** WORK REQUIRED **
Produce as output only the lines below starting at the line with "1、粉色的招财鼎承载的新春场" and continuing through the line with "Moved by Jesus'", each one exactly as written.

[Records excerpted from a collection]
******
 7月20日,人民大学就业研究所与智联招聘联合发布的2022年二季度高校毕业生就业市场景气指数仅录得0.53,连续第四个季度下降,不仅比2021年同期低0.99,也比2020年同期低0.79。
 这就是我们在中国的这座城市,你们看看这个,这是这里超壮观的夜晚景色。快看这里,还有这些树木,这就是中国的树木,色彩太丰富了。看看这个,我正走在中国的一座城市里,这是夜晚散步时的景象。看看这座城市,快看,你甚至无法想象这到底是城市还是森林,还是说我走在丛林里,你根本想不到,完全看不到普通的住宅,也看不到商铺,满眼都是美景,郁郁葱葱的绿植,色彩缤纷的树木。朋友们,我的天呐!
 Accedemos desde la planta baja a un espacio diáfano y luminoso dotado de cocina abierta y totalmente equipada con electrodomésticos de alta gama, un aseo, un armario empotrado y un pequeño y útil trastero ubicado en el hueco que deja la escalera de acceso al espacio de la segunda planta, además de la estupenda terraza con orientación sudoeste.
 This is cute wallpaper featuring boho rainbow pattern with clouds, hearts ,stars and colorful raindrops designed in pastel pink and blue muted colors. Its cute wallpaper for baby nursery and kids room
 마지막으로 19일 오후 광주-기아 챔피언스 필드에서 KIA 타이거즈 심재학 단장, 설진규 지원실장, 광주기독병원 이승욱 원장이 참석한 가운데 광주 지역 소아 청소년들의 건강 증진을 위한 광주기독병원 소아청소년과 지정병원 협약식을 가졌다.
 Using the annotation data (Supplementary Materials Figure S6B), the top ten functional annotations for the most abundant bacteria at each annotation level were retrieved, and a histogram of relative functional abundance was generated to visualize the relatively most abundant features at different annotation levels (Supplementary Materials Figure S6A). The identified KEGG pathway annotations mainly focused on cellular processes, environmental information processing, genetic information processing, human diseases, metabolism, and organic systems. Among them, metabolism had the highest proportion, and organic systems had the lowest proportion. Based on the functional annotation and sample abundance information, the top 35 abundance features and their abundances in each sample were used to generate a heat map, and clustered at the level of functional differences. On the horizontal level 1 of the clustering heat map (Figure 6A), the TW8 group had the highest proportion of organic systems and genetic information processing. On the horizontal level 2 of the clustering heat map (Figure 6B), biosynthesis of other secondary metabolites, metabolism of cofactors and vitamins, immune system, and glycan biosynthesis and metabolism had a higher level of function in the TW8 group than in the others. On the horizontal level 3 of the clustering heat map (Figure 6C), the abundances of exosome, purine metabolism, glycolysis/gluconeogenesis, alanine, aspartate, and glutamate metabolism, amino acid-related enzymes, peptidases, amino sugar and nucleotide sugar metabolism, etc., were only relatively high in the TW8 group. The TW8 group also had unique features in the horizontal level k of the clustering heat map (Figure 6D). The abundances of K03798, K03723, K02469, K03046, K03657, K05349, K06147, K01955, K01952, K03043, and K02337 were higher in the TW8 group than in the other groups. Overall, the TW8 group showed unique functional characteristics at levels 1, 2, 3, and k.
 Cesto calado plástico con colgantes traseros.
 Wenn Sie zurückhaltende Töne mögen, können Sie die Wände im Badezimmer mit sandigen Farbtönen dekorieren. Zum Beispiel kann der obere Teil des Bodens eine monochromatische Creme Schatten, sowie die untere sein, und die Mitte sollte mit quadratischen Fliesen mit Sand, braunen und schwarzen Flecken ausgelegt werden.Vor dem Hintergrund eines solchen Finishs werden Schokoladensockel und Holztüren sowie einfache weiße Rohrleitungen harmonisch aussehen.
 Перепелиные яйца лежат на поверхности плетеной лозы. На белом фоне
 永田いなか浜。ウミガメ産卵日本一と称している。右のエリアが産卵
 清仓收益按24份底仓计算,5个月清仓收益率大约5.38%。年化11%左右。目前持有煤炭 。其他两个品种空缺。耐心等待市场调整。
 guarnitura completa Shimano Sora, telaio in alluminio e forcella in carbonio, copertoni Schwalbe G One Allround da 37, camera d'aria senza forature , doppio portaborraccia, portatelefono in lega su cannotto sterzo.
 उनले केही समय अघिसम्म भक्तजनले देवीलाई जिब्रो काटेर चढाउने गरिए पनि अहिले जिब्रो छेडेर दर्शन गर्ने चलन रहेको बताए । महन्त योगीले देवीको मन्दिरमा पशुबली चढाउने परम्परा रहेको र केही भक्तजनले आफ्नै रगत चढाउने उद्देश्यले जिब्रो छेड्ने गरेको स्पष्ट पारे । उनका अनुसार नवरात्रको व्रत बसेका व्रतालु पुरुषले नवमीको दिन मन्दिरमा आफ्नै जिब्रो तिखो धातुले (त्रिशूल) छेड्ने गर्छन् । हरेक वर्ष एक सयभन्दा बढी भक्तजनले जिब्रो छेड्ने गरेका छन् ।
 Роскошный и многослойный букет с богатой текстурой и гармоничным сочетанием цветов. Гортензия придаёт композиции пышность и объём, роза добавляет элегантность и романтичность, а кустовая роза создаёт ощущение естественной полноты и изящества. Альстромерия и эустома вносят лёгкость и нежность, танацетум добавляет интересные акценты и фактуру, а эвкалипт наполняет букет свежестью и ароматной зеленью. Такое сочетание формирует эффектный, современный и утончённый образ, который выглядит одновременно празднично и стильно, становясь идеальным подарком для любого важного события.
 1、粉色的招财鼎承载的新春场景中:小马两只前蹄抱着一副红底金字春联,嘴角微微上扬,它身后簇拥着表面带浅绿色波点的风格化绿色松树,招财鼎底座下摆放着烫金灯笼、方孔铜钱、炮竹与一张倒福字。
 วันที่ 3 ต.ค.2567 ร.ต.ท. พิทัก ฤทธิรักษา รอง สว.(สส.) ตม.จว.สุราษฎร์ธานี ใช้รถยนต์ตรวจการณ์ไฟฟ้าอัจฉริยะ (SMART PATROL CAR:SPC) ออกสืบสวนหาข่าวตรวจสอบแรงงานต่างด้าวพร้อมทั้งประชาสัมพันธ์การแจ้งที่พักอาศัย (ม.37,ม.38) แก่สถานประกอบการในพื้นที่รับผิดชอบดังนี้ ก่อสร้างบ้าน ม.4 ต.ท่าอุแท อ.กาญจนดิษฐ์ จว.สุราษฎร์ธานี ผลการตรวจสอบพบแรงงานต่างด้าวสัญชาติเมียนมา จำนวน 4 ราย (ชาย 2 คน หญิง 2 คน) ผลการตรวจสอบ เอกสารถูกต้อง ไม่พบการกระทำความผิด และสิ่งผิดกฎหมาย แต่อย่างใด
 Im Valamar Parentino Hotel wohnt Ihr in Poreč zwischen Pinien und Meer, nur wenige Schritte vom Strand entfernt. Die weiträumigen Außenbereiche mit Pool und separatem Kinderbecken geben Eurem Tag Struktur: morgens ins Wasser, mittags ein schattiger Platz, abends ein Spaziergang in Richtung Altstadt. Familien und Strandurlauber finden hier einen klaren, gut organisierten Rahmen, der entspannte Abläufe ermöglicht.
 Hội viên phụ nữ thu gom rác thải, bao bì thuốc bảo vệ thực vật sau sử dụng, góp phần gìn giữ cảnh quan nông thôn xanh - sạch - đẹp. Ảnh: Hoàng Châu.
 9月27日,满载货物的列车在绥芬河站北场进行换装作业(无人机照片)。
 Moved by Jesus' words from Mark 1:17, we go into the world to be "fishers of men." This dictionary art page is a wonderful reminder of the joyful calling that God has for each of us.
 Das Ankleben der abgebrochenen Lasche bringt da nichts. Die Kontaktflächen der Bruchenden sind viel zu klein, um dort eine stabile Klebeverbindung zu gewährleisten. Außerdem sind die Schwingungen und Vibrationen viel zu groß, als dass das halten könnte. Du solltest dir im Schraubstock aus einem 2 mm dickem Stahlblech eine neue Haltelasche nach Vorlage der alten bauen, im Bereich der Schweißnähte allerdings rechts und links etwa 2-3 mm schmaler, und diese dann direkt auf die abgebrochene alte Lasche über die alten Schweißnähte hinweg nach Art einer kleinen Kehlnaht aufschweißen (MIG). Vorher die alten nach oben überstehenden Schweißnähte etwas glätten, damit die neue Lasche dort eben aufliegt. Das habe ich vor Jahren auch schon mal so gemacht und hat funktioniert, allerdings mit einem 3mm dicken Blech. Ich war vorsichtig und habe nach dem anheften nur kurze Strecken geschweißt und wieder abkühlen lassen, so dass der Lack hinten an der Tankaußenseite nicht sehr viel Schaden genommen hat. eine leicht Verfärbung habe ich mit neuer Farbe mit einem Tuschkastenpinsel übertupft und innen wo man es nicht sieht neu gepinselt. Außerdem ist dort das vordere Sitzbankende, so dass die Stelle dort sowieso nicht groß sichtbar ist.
******
** WRITTEN SOLUTION **
 1、粉色的招财鼎承载的新春场景中:小马两只前蹄抱着一副红底金字春联,嘴角微微上扬,它身后簇拥着表面带浅绿色波点的风格化绿色松树,招财鼎底座下摆放着烫金灯笼、方孔铜钱、炮竹与一张倒福字。
 วันที่ 3 ต.ค.2567 ร.ต.ท. พิทัก ฤทธิรักษา รอง สว.(สส.) ตม.จว.สุราษฎร์ธานี ใช้รถยนต์ตรวจการณ์ไฟฟ้าอัจฉริยะ (SMART PATROL CAR:SPC) ออกสืบสวนหาข่าวตรวจสอบแรงงานต่างด้าวพร้อมทั้งประชาสัมพันธ์การแจ้งที่พักอาศัย (ม.37,ม.38) แก่สถานประกอบการในพื้นที่รับผิดชอบดังนี้ ก่อสร้างบ้าน ม.4 ต.ท่าอุแท อ.กาญจนดิษฐ์ จว.สุราษฎร์ธานี ผลการตรวจสอบพบแรงงานต่างด้าวสัญชาติเมียนมา จำนวน 4 ราย (ชาย 2 คน หญิง 2 คน) ผลการตรวจสอบ เอกสารถูกต้อง ไม่พบการกระทำความผิด และสิ่งผิดกฎหมาย แต่อย่างใด
 Im Valamar Parentino Hotel wohnt Ihr in Poreč zwischen Pinien und Meer, nur wenige Schritte vom Strand entfernt. Die weiträumigen Außenbereiche mit Pool und separatem Kinderbecken geben Eurem Tag Struktur: morgens ins Wasser, mittags ein schattiger Platz, abends ein Spaziergang in Richtung Altstadt. Familien und Strandurlauber finden hier einen klaren, gut organisierten Rahmen, der entspannte Abläufe ermöglicht.
 Hội viên phụ nữ thu gom rác thải, bao bì thuốc bảo vệ thực vật sau sử dụng, góp phần gìn giữ cảnh quan nông thôn xanh - sạch - đẹp. Ảnh: Hoàng Châu.
 9月27日,满载货物的列车在绥芬河站北场进行换装作业(无人机照片)。
 Moved by Jesus' words from Mark 1:17, we go into the world to be "fishers of men." This dictionary art page is a wonderful reminder of the joyful calling that God has for each of us.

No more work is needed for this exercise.